**Task instructions**
Since the records include pictures, leave those out while you reproduce exactly and only the lines from the one containing "朝の乳児組のおやつバナナ 牛乳今日の給食わかめごはん 炒り豆腐" through the one containing "Charge the vacuum", inclusive.

**Excerpted records**
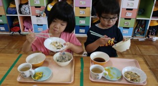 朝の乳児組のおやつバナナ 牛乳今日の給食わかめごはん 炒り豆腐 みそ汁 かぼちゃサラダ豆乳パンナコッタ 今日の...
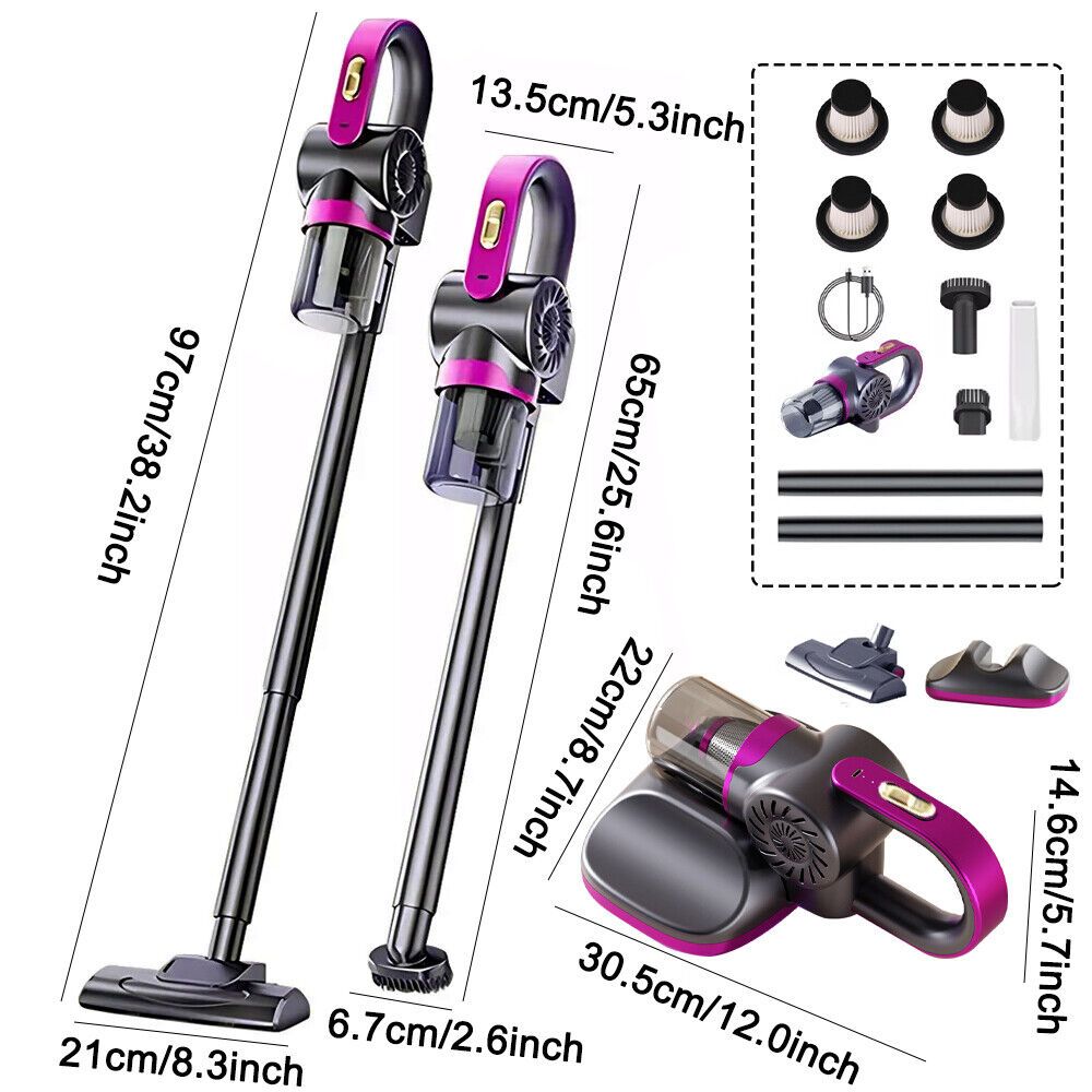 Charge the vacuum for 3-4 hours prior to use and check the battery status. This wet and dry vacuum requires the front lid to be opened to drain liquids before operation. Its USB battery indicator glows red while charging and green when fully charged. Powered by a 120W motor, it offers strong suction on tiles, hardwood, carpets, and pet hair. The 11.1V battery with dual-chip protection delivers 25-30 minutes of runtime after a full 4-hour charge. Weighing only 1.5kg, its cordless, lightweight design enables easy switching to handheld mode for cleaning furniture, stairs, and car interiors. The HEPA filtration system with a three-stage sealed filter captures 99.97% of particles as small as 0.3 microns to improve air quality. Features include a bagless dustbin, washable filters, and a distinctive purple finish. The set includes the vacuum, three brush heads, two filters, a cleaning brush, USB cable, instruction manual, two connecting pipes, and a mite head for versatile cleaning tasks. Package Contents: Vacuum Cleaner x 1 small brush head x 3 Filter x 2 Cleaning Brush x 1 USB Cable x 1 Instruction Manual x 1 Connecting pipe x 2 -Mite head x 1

--

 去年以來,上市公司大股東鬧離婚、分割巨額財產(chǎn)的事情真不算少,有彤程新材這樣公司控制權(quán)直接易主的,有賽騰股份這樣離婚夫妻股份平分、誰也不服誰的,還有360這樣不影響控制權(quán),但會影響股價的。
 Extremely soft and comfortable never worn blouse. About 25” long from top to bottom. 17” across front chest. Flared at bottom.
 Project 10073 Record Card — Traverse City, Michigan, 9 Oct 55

* * *

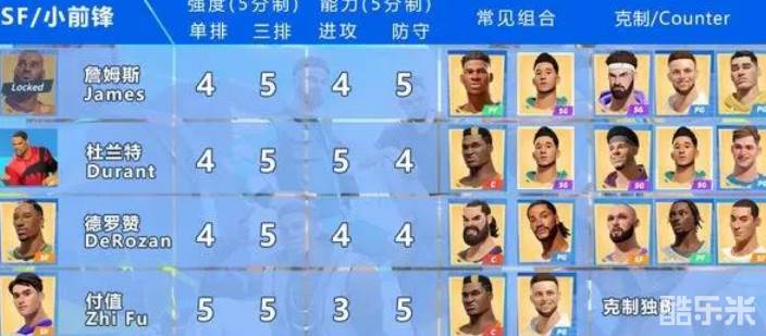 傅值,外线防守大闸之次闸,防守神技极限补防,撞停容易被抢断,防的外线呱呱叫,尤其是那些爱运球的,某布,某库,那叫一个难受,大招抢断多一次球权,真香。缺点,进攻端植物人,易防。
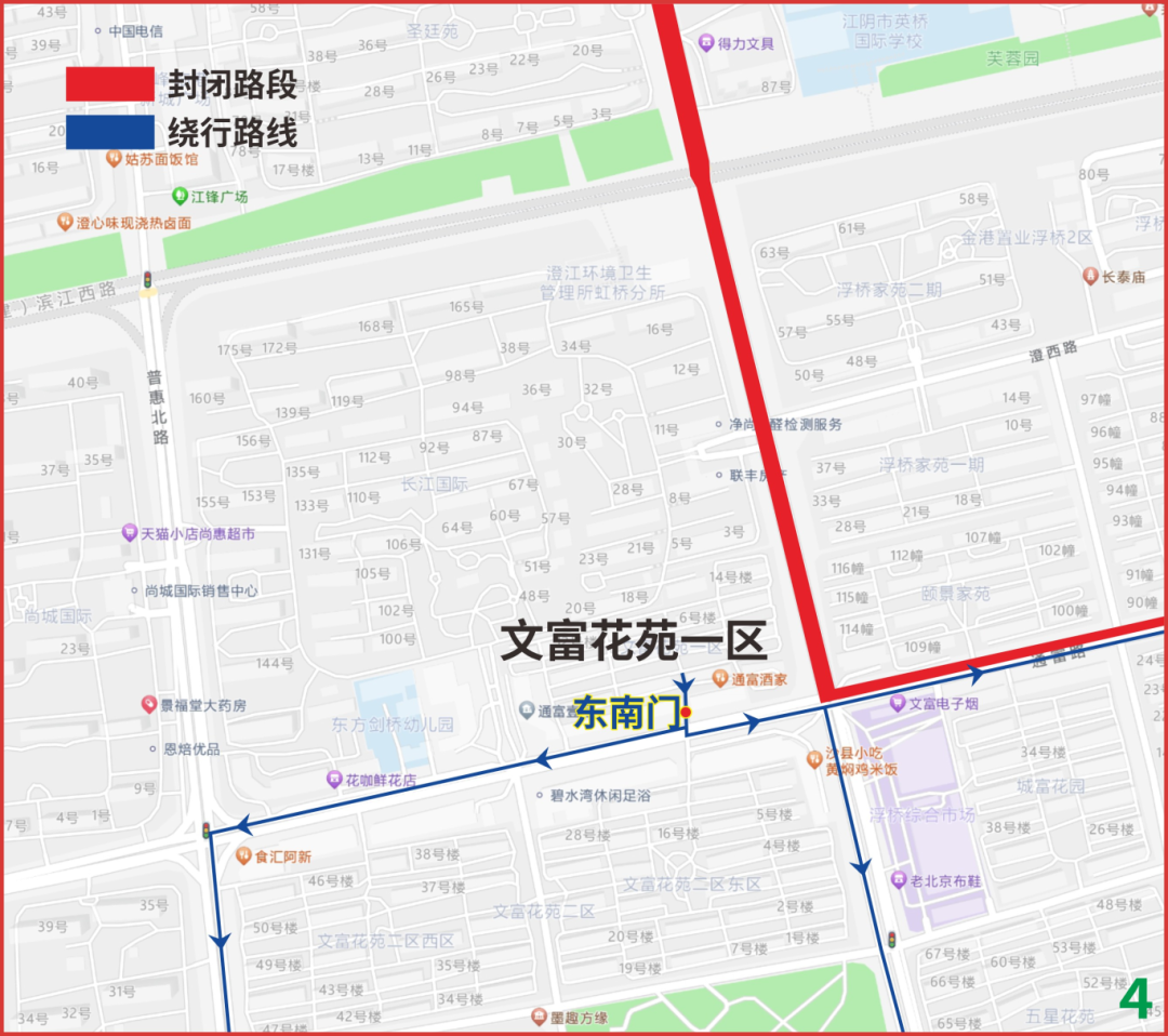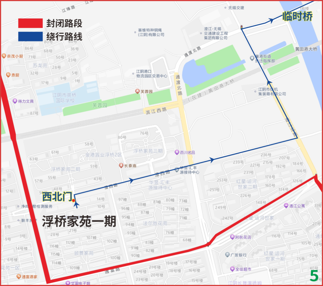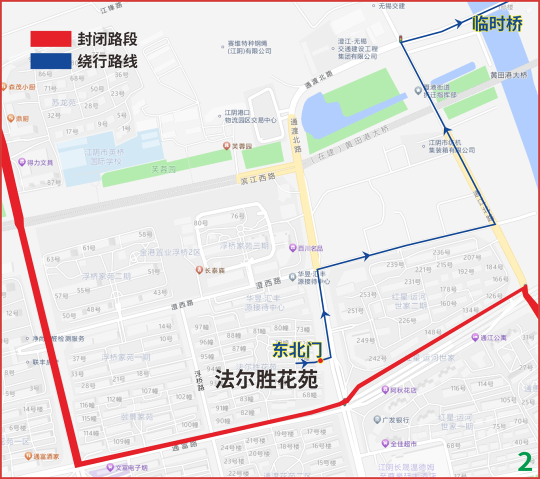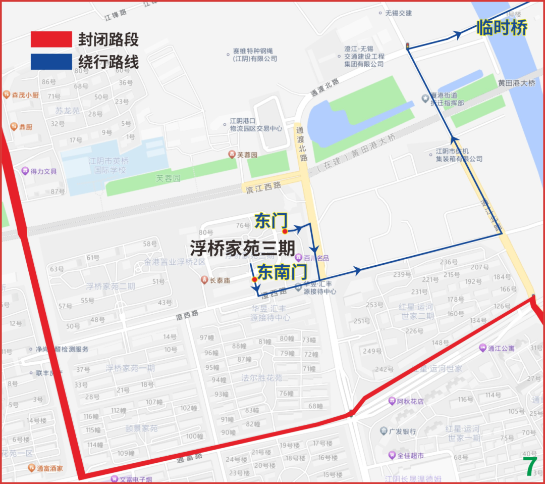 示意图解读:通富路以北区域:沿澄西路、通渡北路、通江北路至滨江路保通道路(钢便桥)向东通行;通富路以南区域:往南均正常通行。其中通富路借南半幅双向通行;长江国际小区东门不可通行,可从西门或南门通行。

**Solution for this problem**
 朝の乳児組のおやつバナナ 牛乳今日の給食わかめごはん 炒り豆腐 みそ汁 かぼちゃサラダ豆乳パンナコッタ 今日の...
 Charge the vacuum for 3-4 hours prior to use and check the battery status. This wet and dry vacuum requires the front lid to be opened to drain liquids before operation. Its USB battery indicator glows red while charging and green when fully charged. Powered by a 120W motor, it offers strong suction on tiles, hardwood, carpets, and pet hair. The 11.1V battery with dual-chip protection delivers 25-30 minutes of runtime after a full 4-hour charge. Weighing only 1.5kg, its cordless, lightweight design enables easy switching to handheld mode for cleaning furniture, stairs, and car interiors. The HEPA filtration system with a three-stage sealed filter captures 99.97% of particles as small as 0.3 microns to improve air quality. Features include a bagless dustbin, washable filters, and a distinctive purple finish. The set includes the vacuum, three brush heads, two filters, a cleaning brush, USB cable, instruction manual, two connecting pipes, and a mite head for versatile cleaning tasks. Package Contents: Vacuum Cleaner x 1 small brush head x 3 Filter x 2 Cleaning Brush x 1 USB Cable x 1 Instruction Manual x 1 Connecting pipe x 2 -Mite head x 1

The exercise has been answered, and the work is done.